Dla autorki odtwarzanie dawnych realiów nie jest tak ważne, jak budowanie relacji między bohaterami. Owszem, przywołuje na przykład nazwy pojazdów czy przedmiotów z przeszłości, stara się, żeby odbiorcy zauważyli różnice między światami, ale w samej narracji powrotu do przeszłości nikomu nie funduje. Anna opowiada o wszystkim jak najbardziej dzisiejszym językiem, a w dialogach przełożeniu na archaizmy nie ulegają całe frazy, a jedynie pojedyncze słowa. Tak autorka ułatwia lekturę czytelnikom przyzwyczajonym do rytmu powieści pop. „Ukryta brama” ma dostarczać rozrywki, a nie zastanowienia – widać to dobrze nie tylko w temacie, ale i w całej konstrukcji fabuły. Anna i Sebastiano muszą podporządkować się zasadom panującym w rzeczywistości podróżników w czasie. To oznacza, że są skazani na przykre konfrontacje (zresztą sam przeskok w przeszłość też do przyjemnych nie należy), muszą przewidywać zagrożenia i bezustannie się narażać. W dodatku nie znają całej prawdy, część sekretów będzie dla nich sporym zaskoczeniem.
W „Ukrytej bramie”, mimo nastawienia na sensacyjność oraz zestaw przygód bohaterów liczy się też humor. Autorka wprawdzie nie buduje skomplikowanych żartów ani nie okrasza nimi narracji, ale od czasu do czasu pozwala Annie na autoironiczne wstawki czy co bardziej zgryźliwe komentarze pod adresem nielubianych postaci. To nie wabik na czytelników, a próba nakreślenia charakteru dziewczyny: Sebastiano jest w tej powieści zbyt bliski ideału, Anna musi stanowić jego przeciwieństwo, żeby czytelników nie znudziła wizja cukierkowej pary. A w „Ukrytej bramie” wszystko rozgrywa się według znanego, a i łatwego do przewidzenia, schematu – tym, co stanowi odskocznię od standardowej opowieści jest sposób prowadzenia historii. Anna ma atut w postaci kąśliwego poczucia humoru – dzięki temu łatwo ją zaakceptować.
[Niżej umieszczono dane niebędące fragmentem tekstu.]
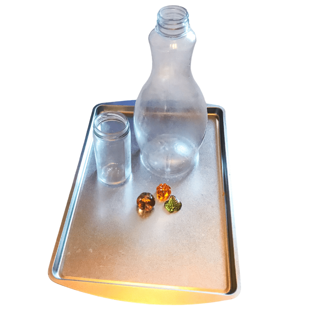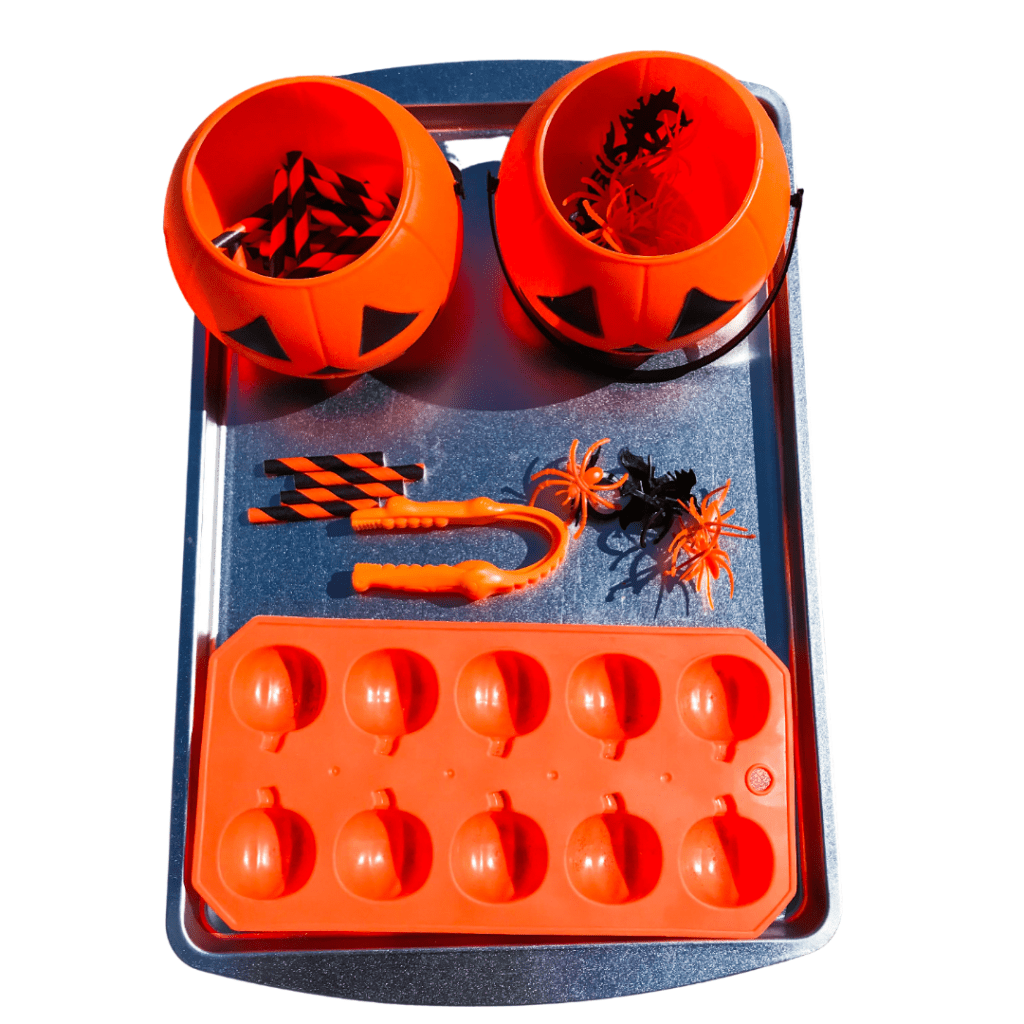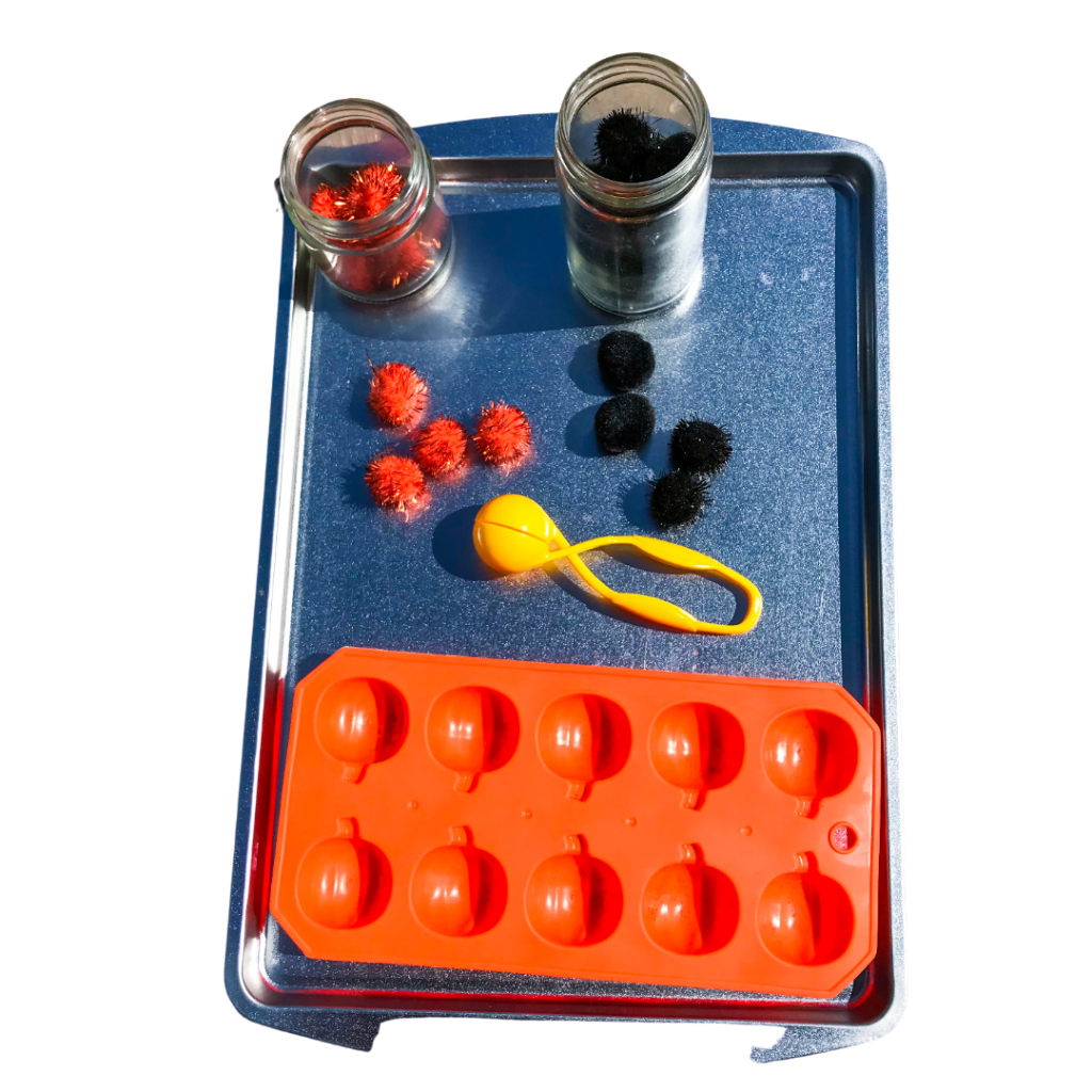 This tray is a two for one! You can have your older toddler sort the pom poms by color into the jars using the squeeze tool or fingers, she could also fill the pumpkin tray using the tool. You could also use the tongs tool.

„Ukryta brama” nie zamęcza czytelników wizjami dawnego Londynu, a z obyczajowości dawnej epoki bierze tylko tyle, ile jest potrzebne do akcji. W tej powieści bowiem – trzeciej części serii – akcja staje się najważniejsza. Do tego stopnia, że nawet relacje między bohaterami muszą w pewnej chwili usunąć się na dalszy plan. Jednak autorka nie decyduje się tutaj na eksperymentowanie z gatunkiem, ani na szukanie nowych dróg fabularnych. Podąża utartymi szlakami, skupiając się na dość precyzyjnym omawianiu zasad panujących w powieściowym świecie. Nie potrzebuje testować pojemności historii ani zaskakiwać czytelników modyfikacjami literackimi. „Ukryta brama” to powieść według wzoru.